The names you submit must be complete and include the authors. They should have one, two or three "name words". You will get unreliable results if you include varieties of subspecies (four name words). Ranks (either in full or using common abbreviations) are OK to include. Hybrid symbols will be stripped out at the start of the process.

Submitting data

The easiest way to get started is to cut and paste a column of names into the text box in the form and click "Submit Data". If you have the authors in a second column then it is OK to copy the two columns into the text box. The matching process will merge them.

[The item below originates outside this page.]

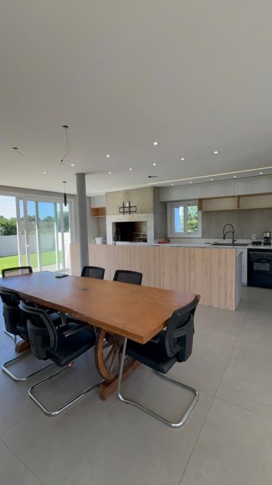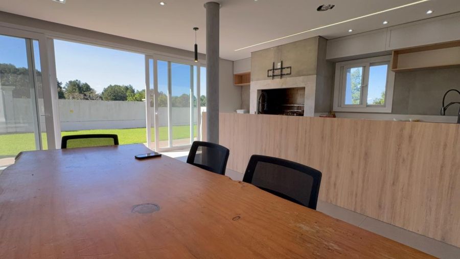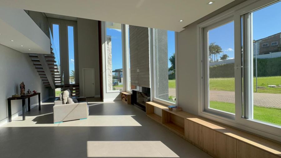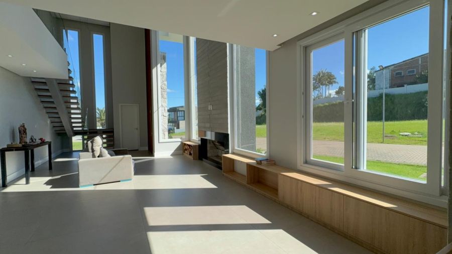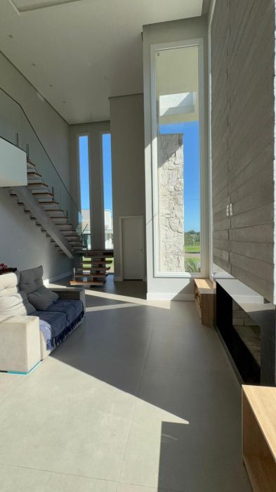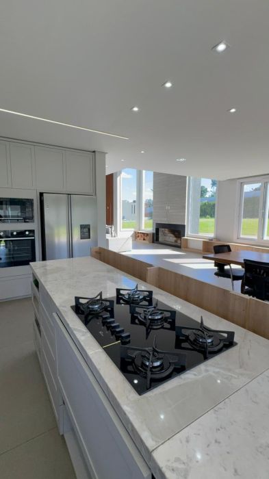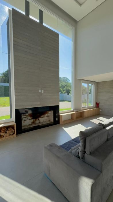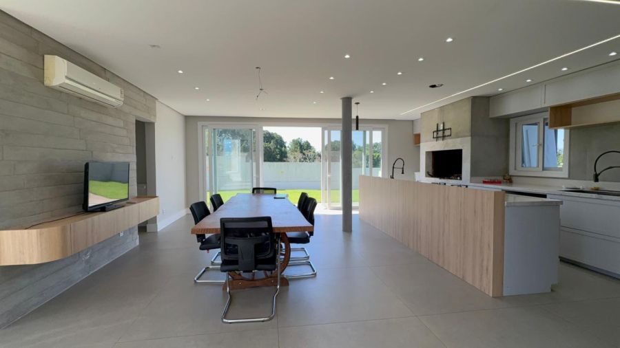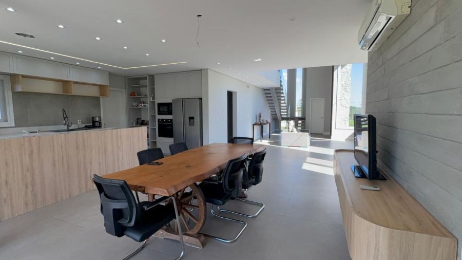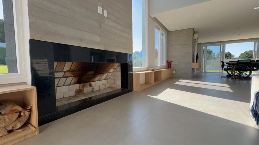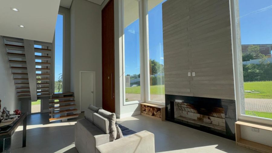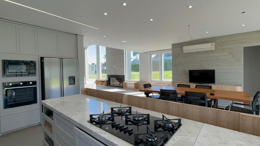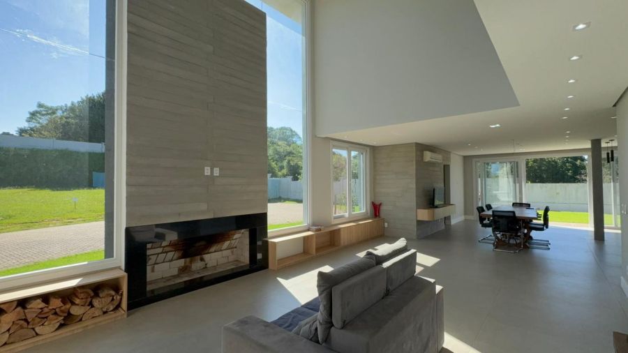 No pavimento inferior, o destaque fica para o living integrado em conceito aberto, conectando sala de estar, jantar e cozinha de forma fluida e funcional, com lareira e espaço gourmet com churrasqueira, ideal para momentos em família e para receber convidados.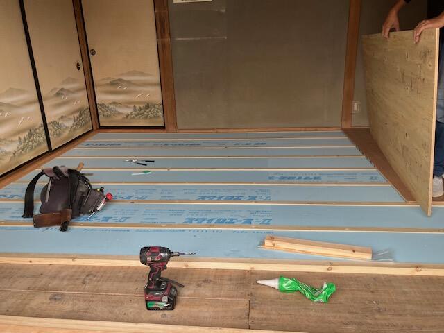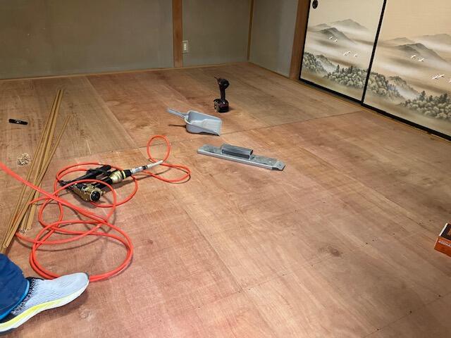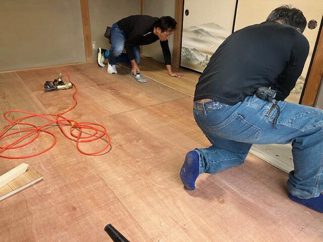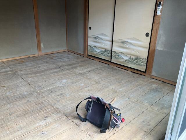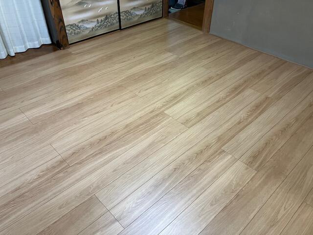 お母様が一人で暮らす実家の和室をリフォーム。離れて暮らす息子さんがお母様の為に、和室の畳をフローリングへとリフォームしたいとのご相談。寝室としてお使いの和室で折り畳みベットでの生活をされています。隣のリビングとの行き来や掃除、物の移動を含め、畳からフローリングへの工事を依頼されました。

Once you have tried it out with a few names cut and paste into the text box you could try uploading a CSV file. All the columns in the CSV file will be returned to you in the results so this technique can be used to bind WFO IDs to your local IDs and other data. If you have the name and authors in separate columns you must combine them into a single column before upload.

Setting parameters

The matching process can be parametised. The default values are usually OK to start with but if you have uploaded a CSV file you need to specify the column that contains the name strings at a minimum.

Recommendation: Do not turn on interactive mode the first time you run the matching process. This will give an idea of how dirty the data is and how much work is needed to get to 100% matching using interactive mode.

Doing a matching run

Once you have submitted data and set the parameters you can do a matching run. If you have submitted a large file then the page may refresh multiple times so be patient.

You can do multiple matching runs on the same data, perhaps one with interactive mode off followed by a run with it turned on.

Downloading data

You can download the results of the matching at any time after you first run the matching process. To avoid data loss download your data frequently. Data is only stored as long as your session lasts. If you walk away and come back later it may be gone! You can upload the file you have downloaded if you want to continue an earlier session.

Candidates

If an unambiguous match is not made for a name in your data then the near matches (candidates) are written to a file called candidates.csv. For each candidate name your input row is repeated along with a relative matching score. This occurs both in interactive and non-interactive modes. You can download this file if you would like to resolve issues with matching locally. The candidates.csv file is deleted at the beginning of each matching run. i.e. when you click the "Run Matching" button. The file is just logging the output of the matching process as it happens and not updated.

Recommendation: If you have 10% unmatched names and you'd like to work on them somewhere else turn off interactive mode and run the matching one last time then download the candidates.csv file. It will contain the candidates for all your unmatched names and only your unmatched names.

Big datasets

No limit is set on the number of names that can be matched in one go, beyond the filesize upload limit. The process works well with CSV files with tens of thousands of rows. The process will probably fail with more than one hundred thousand rows.

If you have a large number of names to match it is highly recommend you break your work into batches of logical batches of a few tens of thousands of names each. This is worth doing for the human factor alone. A large dataset may contain more ambiguous names than a human is able to disambiguate in one session.

If you frequently need to rematch many thousands of names please consider installing a local copy of this matching service (see Scalability and Performance). This is a shared resource and if the server is stressed it will slow down access to other users.